====== EXERCISE MATERIAL ======

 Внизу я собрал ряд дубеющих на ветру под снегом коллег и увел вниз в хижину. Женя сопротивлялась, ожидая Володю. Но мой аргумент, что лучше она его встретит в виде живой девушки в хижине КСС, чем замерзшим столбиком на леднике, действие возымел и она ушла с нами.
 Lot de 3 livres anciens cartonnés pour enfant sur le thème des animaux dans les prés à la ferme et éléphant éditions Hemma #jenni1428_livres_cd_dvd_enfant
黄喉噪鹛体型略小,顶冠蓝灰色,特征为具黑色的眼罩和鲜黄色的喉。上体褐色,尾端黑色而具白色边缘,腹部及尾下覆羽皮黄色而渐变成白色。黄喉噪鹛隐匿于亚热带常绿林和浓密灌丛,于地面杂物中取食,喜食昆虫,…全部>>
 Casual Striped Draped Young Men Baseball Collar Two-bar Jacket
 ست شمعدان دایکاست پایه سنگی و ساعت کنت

======
====== EXERCISE MATERIAL ======

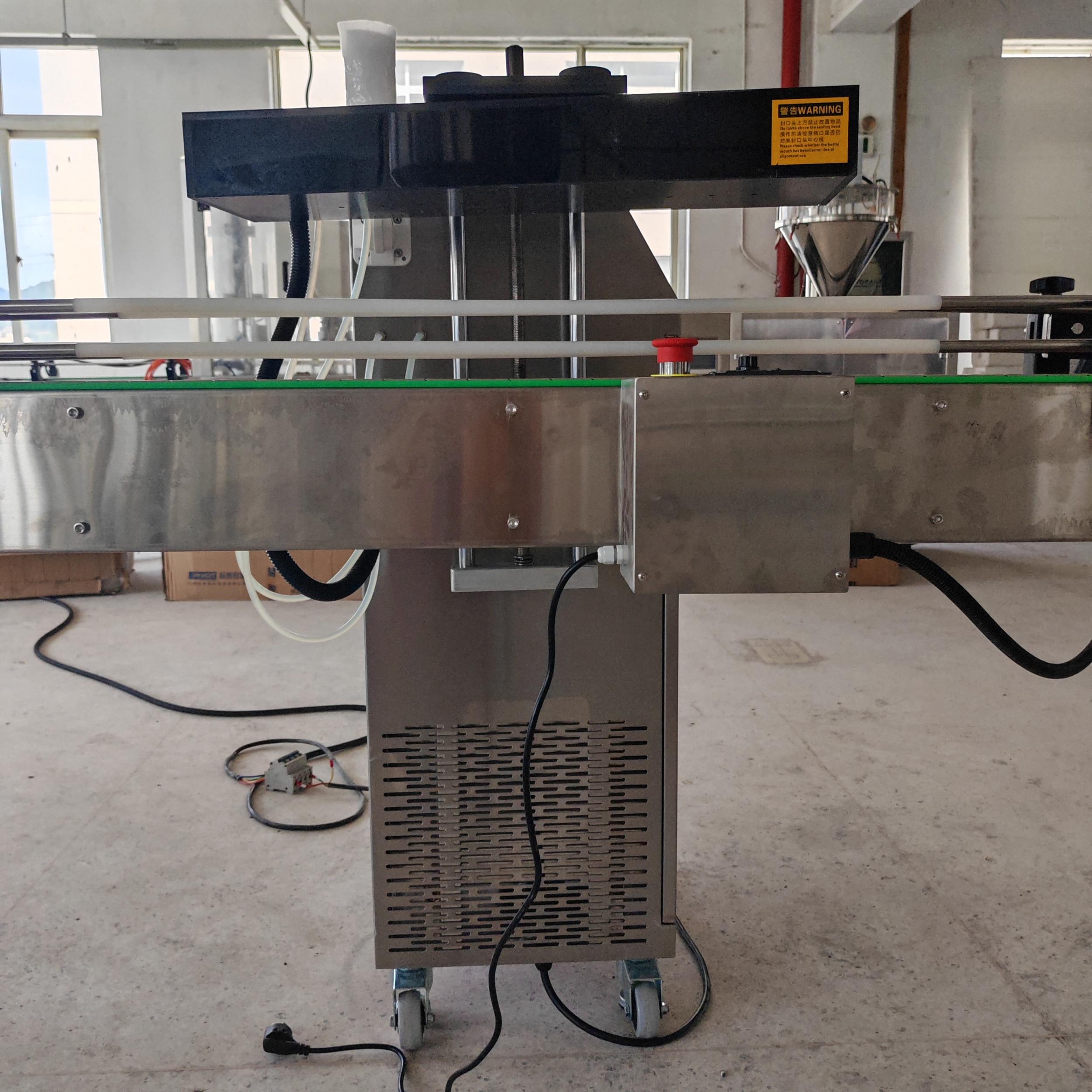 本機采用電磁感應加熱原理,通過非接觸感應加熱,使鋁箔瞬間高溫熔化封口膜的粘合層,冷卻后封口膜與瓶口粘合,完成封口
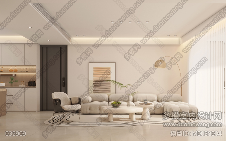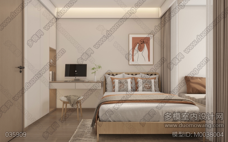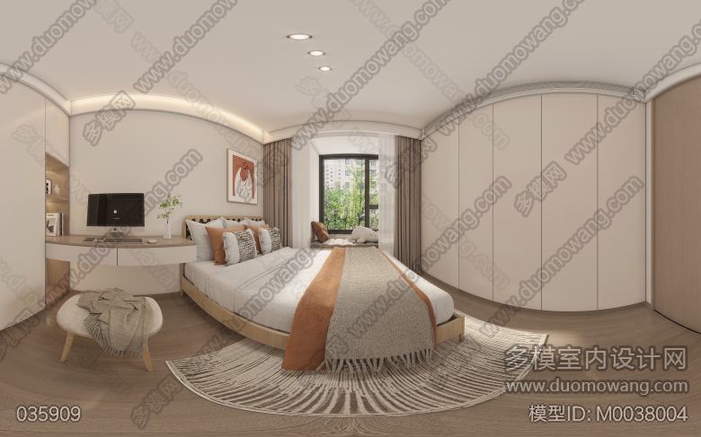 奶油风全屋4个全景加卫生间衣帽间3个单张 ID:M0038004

======
====== EXERCISE MATERIAL ======

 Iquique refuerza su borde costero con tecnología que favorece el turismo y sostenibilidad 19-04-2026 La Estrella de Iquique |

======

- **INSTRUCTIONS TO FOLLOW**
Set down, exactly as they stand above, the lines starting with the line with "Внизу я собрал" and going on through the line with "ست شمعدان دایکاست پایه سنگی و ساعت کنت", and no others.

- **TASK RESULT**
 Внизу я собрал ряд дубеющих на ветру под снегом коллег и увел вниз в хижину. Женя сопротивлялась, ожидая Володю. Но мой аргумент, что лучше она его встретит в виде живой девушки в хижине КСС, чем замерзшим столбиком на леднике, действие возымел и она ушла с нами.
 Lot de 3 livres anciens cartonnés pour enfant sur le thème des animaux dans les prés à la ferme et éléphant éditions Hemma #jenni1428_livres_cd_dvd_enfant
黄喉噪鹛体型略小,顶冠蓝灰色,特征为具黑色的眼罩和鲜黄色的喉。上体褐色,尾端黑色而具白色边缘,腹部及尾下覆羽皮黄色而渐变成白色。黄喉噪鹛隐匿于亚热带常绿林和浓密灌丛,于地面杂物中取食,喜食昆虫,…全部>>
 Casual Striped Draped Young Men Baseball Collar Two-bar Jacket
 ست شمعدان دایکاست پایه سنگی و ساعت کنت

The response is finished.